# Records for this exercise
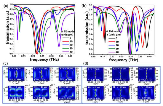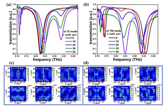 Figure 6a,b show the transmission spectra of PSM_2 by changing the s value from 0 μm to 40 μm at the TE and TM modes, respectively. The g, d, and a values are kept as g = 5 μm, d = 2 μm, and a = 1 μm. Evidently, the transmission spectra of PSM_2 by changing the s value at the TE mode shown in Figure 6a are similar to those of PSM_1 shown in Figure 4a. It can be explained by the E- and H-field distributions of PSM_2 in Figure 6c. It is obvious that the electromagnetic field distributions of PSM_2 at the TE mode are similar to those of PSM_1, shown in Figure 4c. Therefore, the resonances of 0.22 THz, 0.23 THz, and 0.25 THz at the TE mode are LSP resonances. At the TM mode, there are three resonances, at 0.16 THz, 0.29 THz, and 0.39 THz, at the initial state (s = 0 μm). By increasing the s value, the PSM_2 device can be switched from triple-resonance to quad-resonance. The E- and H-field distributions of PSM_2 with s = 0 μm, 20 μm, and 40 μm at the TM mode are summarized in Figure 6d. The electromagnetic fields are gathered in the CWR and are quite different from those of PSM_1, which are shown in Figure 4d. This causes the difference in the transmission spectra between PSM_1 and PSM_2 at the TM mode. It indicates that the LSP resonances of 0.29 THz for s = 0 μm, 0.30 THz for s = 20 μm, and 0.40 THz for s = 40 μm are generated by the CWR.
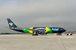 - Azul Brazilian Airlines: White aircraft with navy blue belly and tail. Several green and yellow stripes (resembling the colors of the Brazilian flag) are painted on the fuselage, tail, winglets, and engines. The logo on the tail is shaped like the map of Brazil, with each of the Brazilian states being shown as different colored geometrical forms.[2]
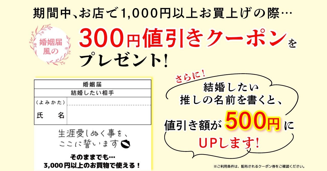 そのままでも300円値引きクーポンとしてお使いいただけますが、記入欄に「結婚したい“推し”の名前」を記入すると、値引き額が500円にアップ!
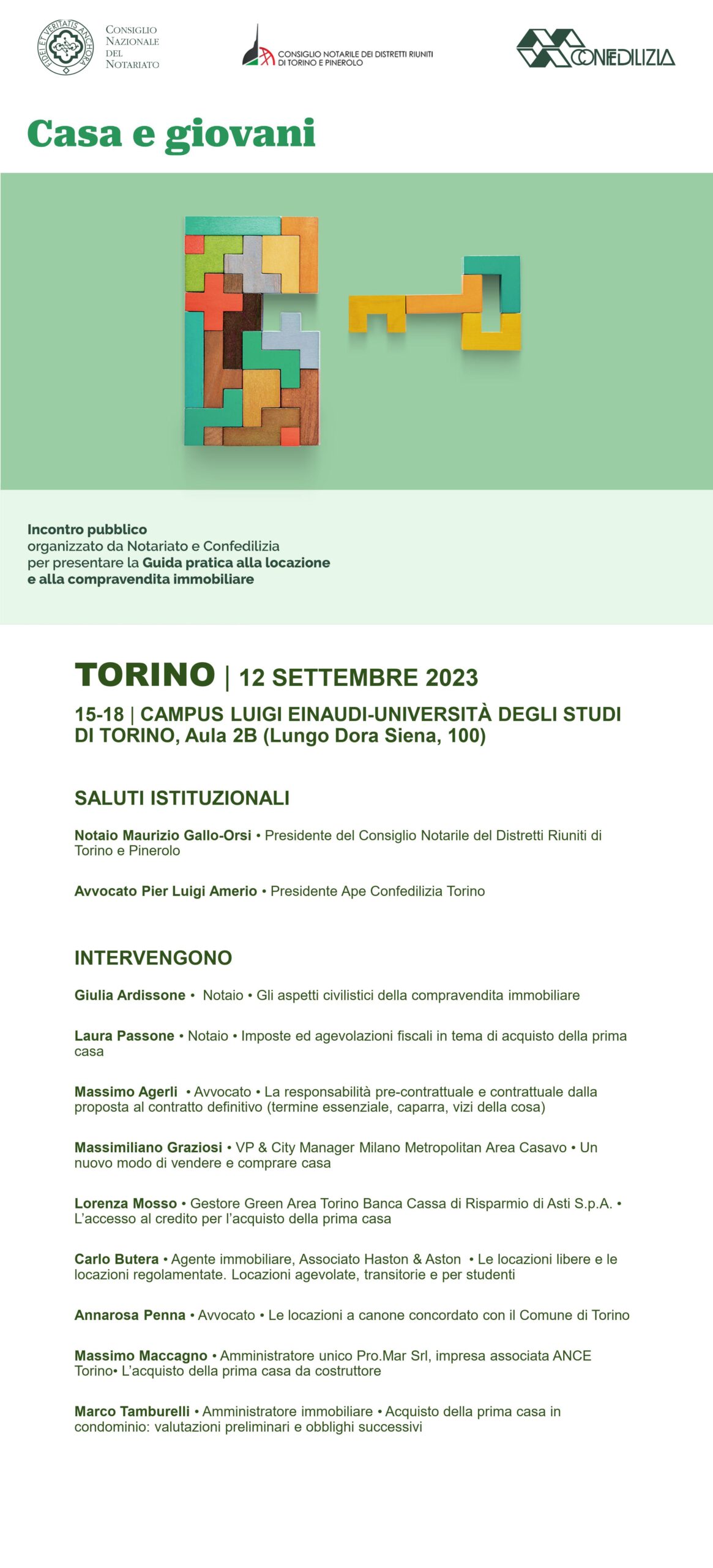 All’incontro del 12 settembre, aperto al pubblico, partecipano Maurizio Gallo-Orsi, Presidente del Consiglio Notarile dei Distretti Riuniti di Torino e Pinerolo, Pier Luigi Amerio, Presidente Ape Confedilizia Torino, i notai Giulia Ardissone e Laura Passone, gli avvocati Massimo Agerli e Annarosa Penna, Lorenza Mosso, gestore Green Area Torino di Banca Cassa di Risparmio di Asti S.p.A., Massimiliano Graziosi, VP & City Manager Milano Metropolitan Area Casavo, Carlo Butera, agente immobiliare Associato Haston & Aston, Massimo Maccagno, Amministratore unico Pro.Mar Srl, impresa associata ANCE Torino e Marco Tamburelli, Amministratore immobiliare.
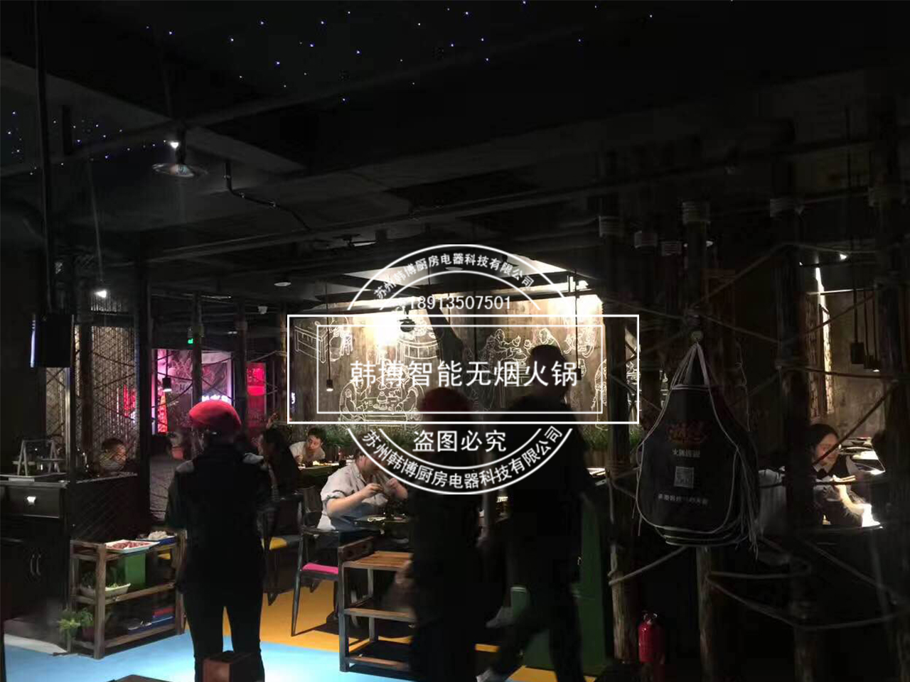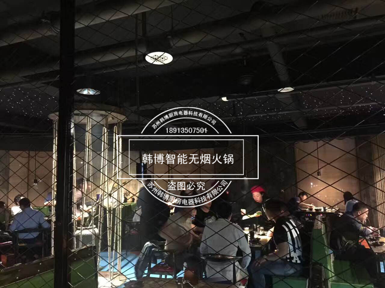老板為了顧客著想,特意定制了韓博智能無煙火鍋設備油煙凈化系統,吸油煙效果特別好,食客也是稱贊有加。韓博科技專業研發、生產、銷售無煙火鍋、無煙火鍋桌、無煙火鍋設備、無煙燒烤桌、無煙燒烤設備等火鍋店設備。
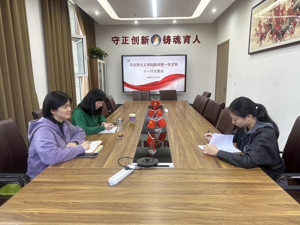 11月13日下午,马克思主义学院教师第一党支部在品读室召开十一月份支委会,会议由支部书记洪妮主持。
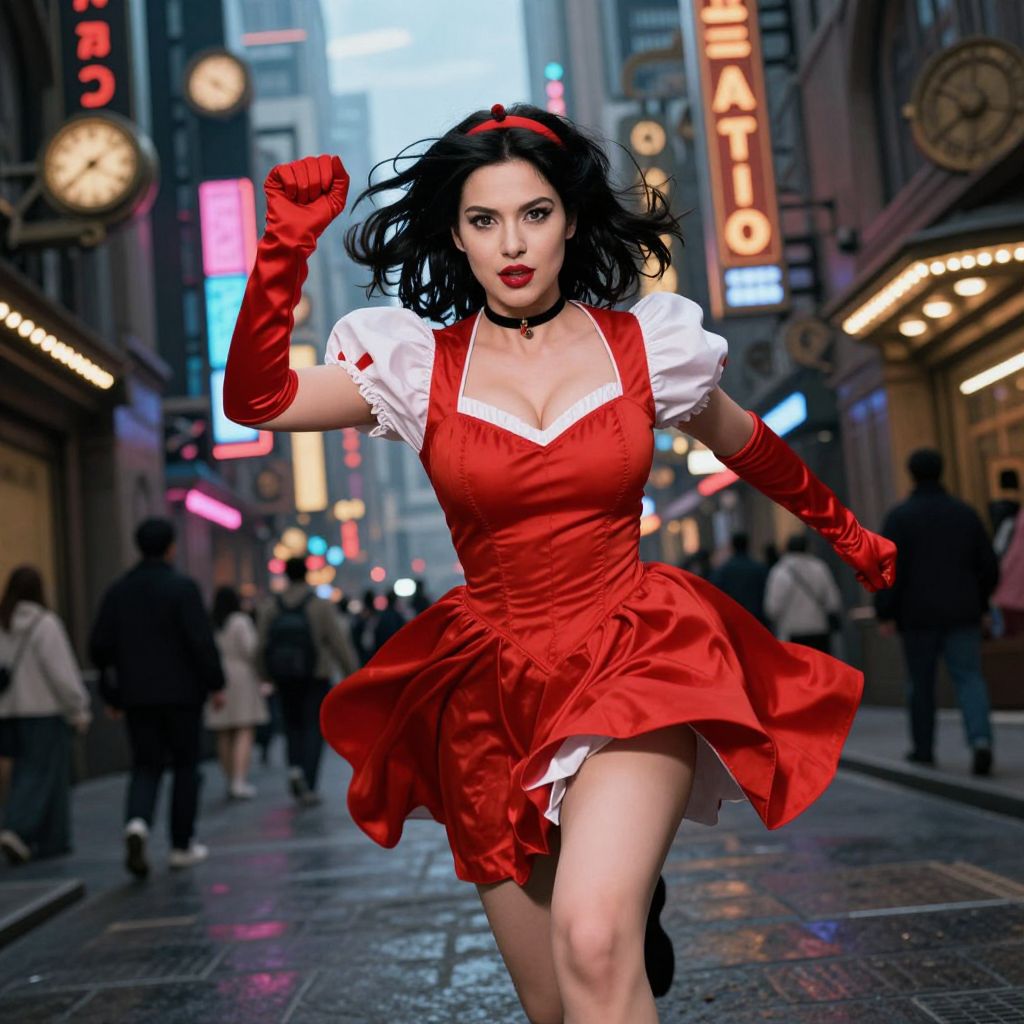 Photorealistic digital artwork of a woman with pale skin and dark, wavy hair, wearing a red, low-cut, puffed-sleeve dress with a white blouse underneath, and red satin gloves. She has red lipstick and a red headband. She's running through a neon-lit, rainy city street at night, with blurred pedestrians in the background. Bright, colorful signs, including one with "DATING" in red, illuminate the scene. Her expression is intense, and her dress flares out dramatically as she runs. The street is wet, reflecting the neon lights.

# Requirement
Look above for the line with "そのままでも300円値引きク" and the line with "11月13日下午,马克思主义". Give again exactly those two lines and all lines between them, pictures excluded.

# Expected answer
 そのままでも300円値引きクーポンとしてお使いいただけますが、記入欄に「結婚したい“推し”の名前」を記入すると、値引き額が500円にアップ!
 All’incontro del 12 settembre, aperto al pubblico, partecipano Maurizio Gallo-Orsi, Presidente del Consiglio Notarile dei Distretti Riuniti di Torino e Pinerolo, Pier Luigi Amerio, Presidente Ape Confedilizia Torino, i notai Giulia Ardissone e Laura Passone, gli avvocati Massimo Agerli e Annarosa Penna, Lorenza Mosso, gestore Green Area Torino di Banca Cassa di Risparmio di Asti S.p.A., Massimiliano Graziosi, VP & City Manager Milano Metropolitan Area Casavo, Carlo Butera, agente immobiliare Associato Haston & Aston, Massimo Maccagno, Amministratore unico Pro.Mar Srl, impresa associata ANCE Torino e Marco Tamburelli, Amministratore immobiliare.
老板為了顧客著想,特意定制了韓博智能無煙火鍋設備油煙凈化系統,吸油煙效果特別好,食客也是稱贊有加。韓博科技專業研發、生產、銷售無煙火鍋、無煙火鍋桌、無煙火鍋設備、無煙燒烤桌、無煙燒烤設備等火鍋店設備。
 11月13日下午,马克思主义学院教师第一党支部在品读室召开十一月份支委会,会议由支部书记洪妮主持。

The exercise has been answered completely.